Self-knowledge (one’s personal story) can provide confidence and direction in an unfamiliar and challenging world — the same is true for communities. Knowledge of community history fosters a long-term view of past events, as well as a way to measure progress and to make informed choices. Thus a better understanding of the past makes us wiser citizens and will lead to a stronger Rhode Island. The Heritage Harbor Foundation believes that history and heritage organizations are uniquely positioned to raise our history literacy levels through their programs and special projects. It is therefore essential that these organizations be able to explore new or neglected aspects of history, to disseminate this knowledge, and to leave durable records of their initiatives.

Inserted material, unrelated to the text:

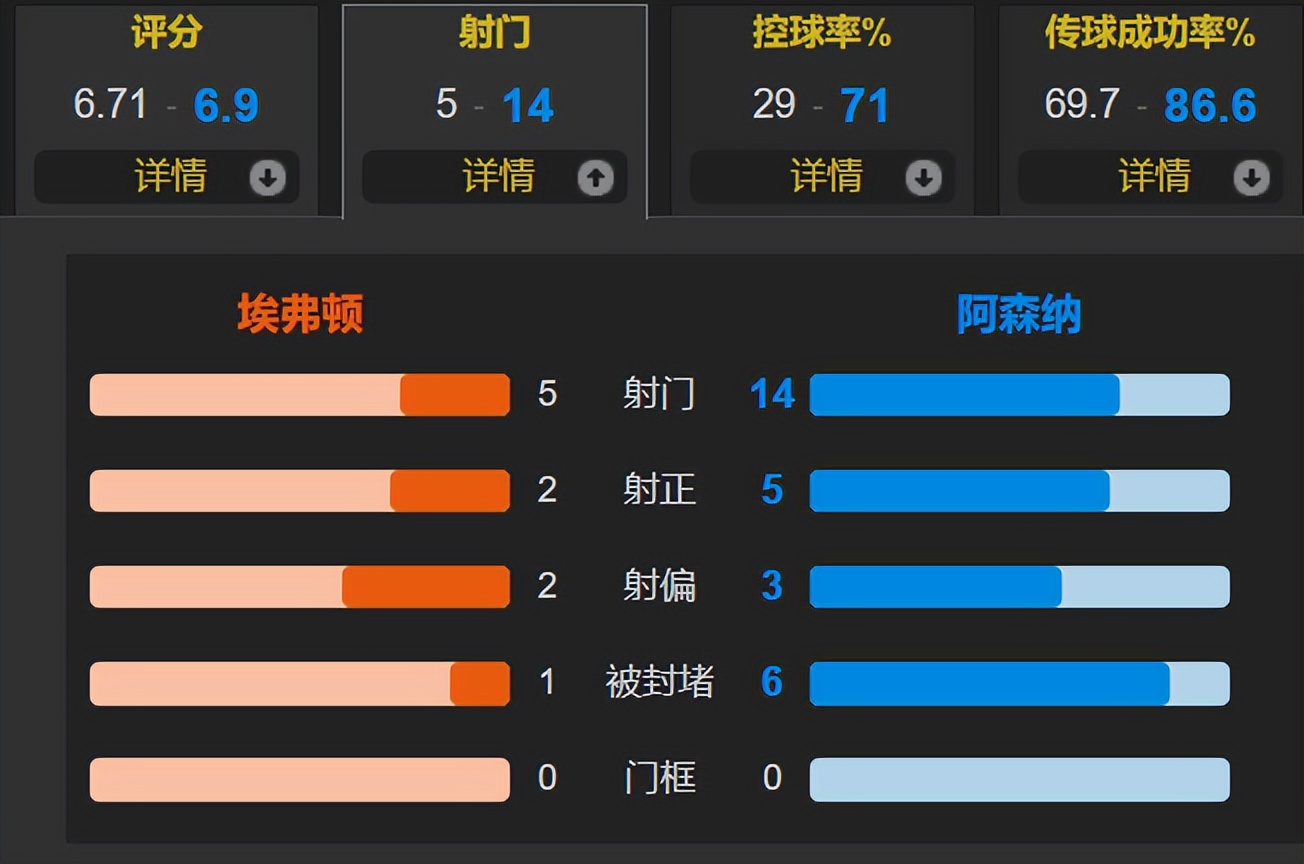 全场比赛,埃弗顿的控球率仅有29%,一共有5次射门,其中2次射正;阿森纳一共有14次射门,其中5次射正。
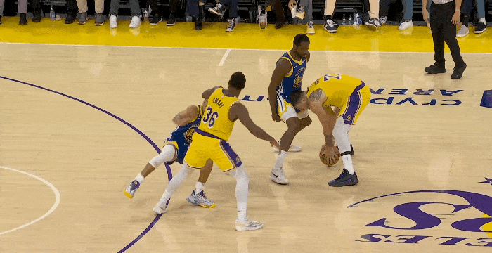 在湖人隊(duì)的一次進(jìn)攻中,東契奇呼叫斯馬特前來(lái)掩護(hù),跟防斯馬特的庫(kù)里一路貼防,隨后斯馬特為了擺脫庫(kù)里將自己的胳膊插入庫(kù)里腋下,隨后做出了一個(gè)卸胳膊的危險(xiǎn)動(dòng)作將庫(kù)里掀翻在地。

The Heritage Harbor Corporation was launched in 1996 to celebrate Rhode Island’s remarkable three and a half century experience first as a New England colony and later as a state crucial in shaping the nation. Though the initial concept of a physical exhibition space in a decommissioned power plant on the Providence waterfront was abandoned following the economic downturn of 2008/2009, a financial settlement has allowed Heritage Harbor to transform itself from a museum entity into a charitable foundation. With its endowment lodged at the Rhode Island Foundation, The Heritage Harbor Foundation now seeks to raise the awareness and usefulness of state and local history for the Rhode Island public by making grants to certified 501(c)3 organizations willing to carry out at their own venues, programs, projects and initiatives that remain true to the educational intent of the museum’s original donors.

As part of its museum planning process, Heritage Harbor had engaged over three dozen practitioners of history and heritage in workshops and conferences to chart exhibitions and public programming. Among their recommendations was to divide Rhode Island’s history into six major categories of inquiry, Six Big Ideas. Within these confines, dozens of worthy research topics can serve as subjects for projects or programs.